In most Internet publishing scenarios – particularly weblog and wiki approaches – collaboration happens at the very end of this process. Weblog entries only generate comments and links once they’re posted, and wiki entries are available for modification only after they’ve been published for the first time. That’s because weblogs evolved from the personal publishing paradigm, and although wikis have long been group-oriented, an entry in a public wiki like Wikipedia is available for public collaboration from the very moment it is created, not once it has been “published” officially.

So what we’re looking for in GroupEdit is a tool that supports the pre-publishing process, long before the public ever sees the end result. We don’t want a sausage, we want a sausage stuffer. And yes, the back-and-forth that results in a well-written, well-edited, thoroughly proofed publication is a case of sausage making – it isn’t always pretty, and it’s not something that most publications want exposed to readers. Although I haven’t been deeply involved in Wikipedia, my impression is that the manufacturing of a controversial Wikipedia entry reveals quite a bit of the sausage making, and while that may be fine for Wikipedia, it’s not something most publications want to do.

I say all this as a way of explaining the more basic reason why tools that enable Web publishing, like weblog utilities, wikis, and even programs like Macromedia Contribute, never quite provide what we’re looking for.
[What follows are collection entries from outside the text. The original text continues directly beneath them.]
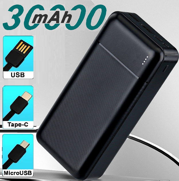 УМБ Павербанк Power Bank 30 000 mAh LED-ліхтар, LCD-дисплей 2xUSB/Type-C/Micro-USB/Lightning повербанк портативна зарядка P3
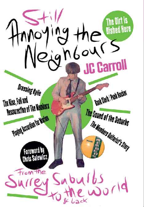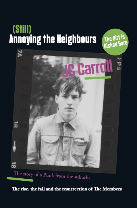 songwriter, musician, shopkeeper, Pantomine scriptwriter, film composer and Internet concert performer.From bank clerk to punk rocker, From bedsit in North London to rock and roll heaven in Hollywood, “(still) Annoying the Neighbours” takes its title from the lyrics of The Members anthem “The Sound of the Suburbs” and traces the journey of Members Songwriter and guitarist JC “Jean-marie” Carroll a boy with three girls names catapulted from suburban obscurity into the punk rock limelight and then flung back onto the music business scrap heap .. This is what JC writes in his book about his most famous song:-I felt a responsibility to play "The Sound of the Suburbs". That song could and would bring happiness to people that had grown up to it: it was the sound of their youth and bouncing around to it in a sweaty club for three to four minutes could and would take them back to a time where they were 17 years old with a full head of badly bleached hair, a 28-inch waist, and a fake leather jacket covered in pins and badges. That song was no longer just a song: it had become a time machine, an elixir of yoof, a magic pill that they could neck with a pint of lager to bring that youth club disco in a scout hut spinning back. It was not just a song, it was “The Sound of the Suburbs”. It was the aspirations and ambitions of thousands of bored provincial teenagers from a hundred satellite towns, bottled and aged in a cellophane wallet.
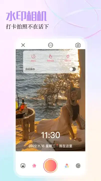 3、水印相机,一键拍摄使用,打卡拍照不在话下哦,轻松拍摄自己喜欢的图片。
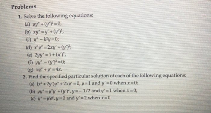 Solved Problems Part9 Solve The Following Equations Probl Chegg Com
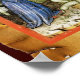 Forntida medeltida italiensk miniatyr av pumpskörd sent 1390..Klassisk lantlig scen med gröna blad och pumpor..Del av " Årstidens frukter ".Denna klassiska design med gammaldags bruna pergamenteffekter är perfekt för nutritionister, dietister, cateringar, livsmedelsservice, tillredning eller restaurang, cateringbranschen.
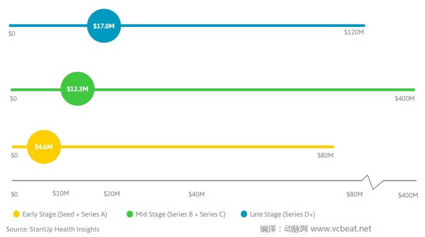 由于数字医疗市场相对比较年轻,在不同阶段的交易规模也有很多的变化。预计这种情况在2015年仍将继续。尽管交易规模相差很大,数字医疗仍继续显示出增长迹象:2014年中期阶段的交易数量从2013年的21%增长到28.6%。
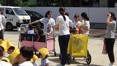 保育室にいたお友だち、トイレにいたお友だち、園庭であそんでいたお友だち、みんな上手く避難できました。
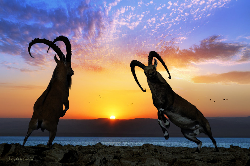 Nubian Ibex Fighting for Mate at Sunrise by ITG photography
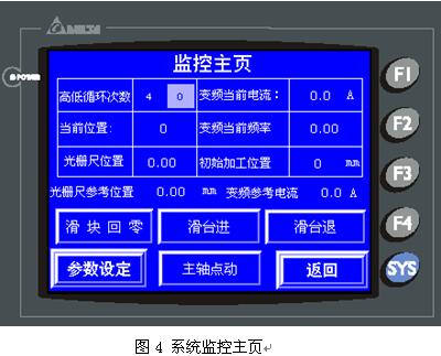 系統(tǒng)要求珩磨和“凸點(diǎn)”檢測(cè)同時(shí)進(jìn)行,珩磨的厚度主要由珩磨油石、油壓控制檢測(cè)的光柵和PLC共同實(shí)現(xiàn),由于臺(tái)達(dá)32EH00M伺服控制專(zhuān)用PLC系列能夠接收2信道差動(dòng)輸入,所以無(wú)需其它轉(zhuǎn)換電路,光柵尺信號(hào)可直接接入PLC,且同時(shí)將伺服驅(qū)動(dòng)的分頻輸出直接輸入PLC,以便實(shí)時(shí)檢測(cè)機(jī)臺(tái)的絕對(duì)位置。在實(shí)際的珩磨過(guò)程中,因工件內(nèi)圓的“凸點(diǎn)”存在,由此形成珩磨變頻馬達(dá)電流瞬間的一個(gè)峰值,利用系統(tǒng)核心PLC記憶該電流峰值形成時(shí)的位置,然后控制伺服小車(chē)在此“凸點(diǎn)”珩磨擺動(dòng)的次數(shù),達(dá)到預(yù)期的珩磨精度,同時(shí)也可以根據(jù)光柵尺內(nèi)圓半徑的檢測(cè),自動(dòng)研磨至設(shè)定的厚度。所以該系統(tǒng)采用變頻負(fù)載/電流線性對(duì)應(yīng)關(guān)系,完成了對(duì)加工工件內(nèi)圓的“凸點(diǎn)”檢測(cè)。臺(tái)達(dá)V系列變頻為全矢量高性能的驅(qū)動(dòng),能夠快速精確反應(yīng)出負(fù)載電流的變化,而臺(tái)達(dá)PLC采用通訊方式快速采樣變頻器電流為該系統(tǒng)的關(guān)鍵所在。
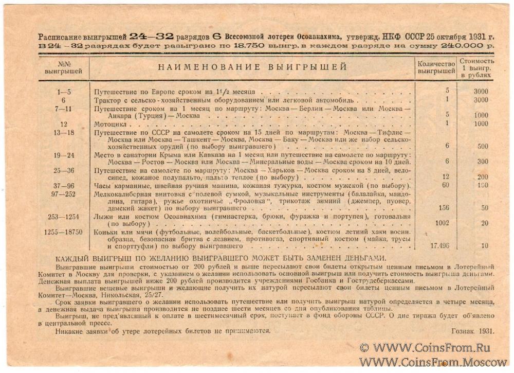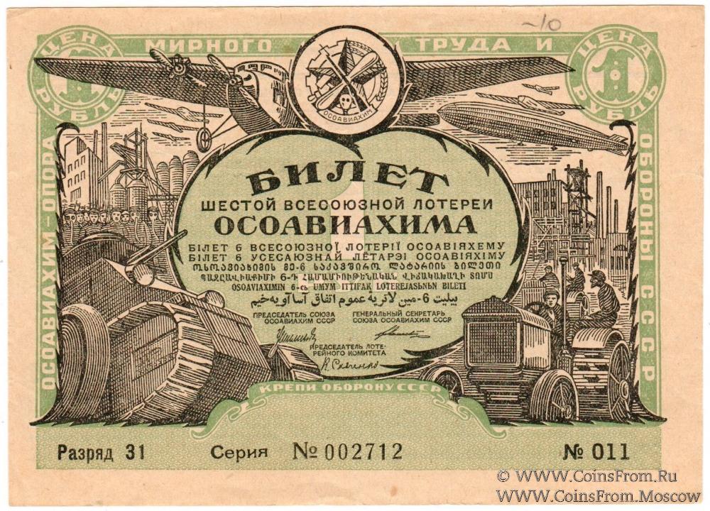 Билет. Зеленого цвета. Водяной знак. Разряды 07-34. 6-я Всесоюзная лотерея 1931 г.

All of them are tweaked to support that final aspect of the publishing process, rather than the early steps when a document is moving back and forth rapidly (and the more rapidly the better, though current tools hamper quick transitions tremendously) between an author and one or more editors.

The program that comes the closest to meeting our needs is probably Adobe InCopy, which integrates with InDesign to enable writers to work more fluidly with text that’s destined for InDesign layouts. Although InCopy would seem to have many of the basic features we want, it falls down in being focused primarily on integration with InDesign and on collaboration between writers and designers, not writers and editors. Plus, at $250 per copy, it’s not something we or Macworld could afford to provide to freelance writers.

Return to the RFP — Therefore I would once again encourage everyone to take a look at our RFP in QuickTopic Document Review, both with an eye toward making comments that could help refine or enhance the proposal and toward alerting Macintosh developers who might be interested in working on such a project or who might even have code that would benefit from features along the lines of those we outline in the RFP. The comments and discussions that the RFP has spawned so far have been helpful and are exactly what we hoped it would bring out. We’re looking forward to keeping the dialogue going and hopefully getting something along the lines of GroupEdit into development.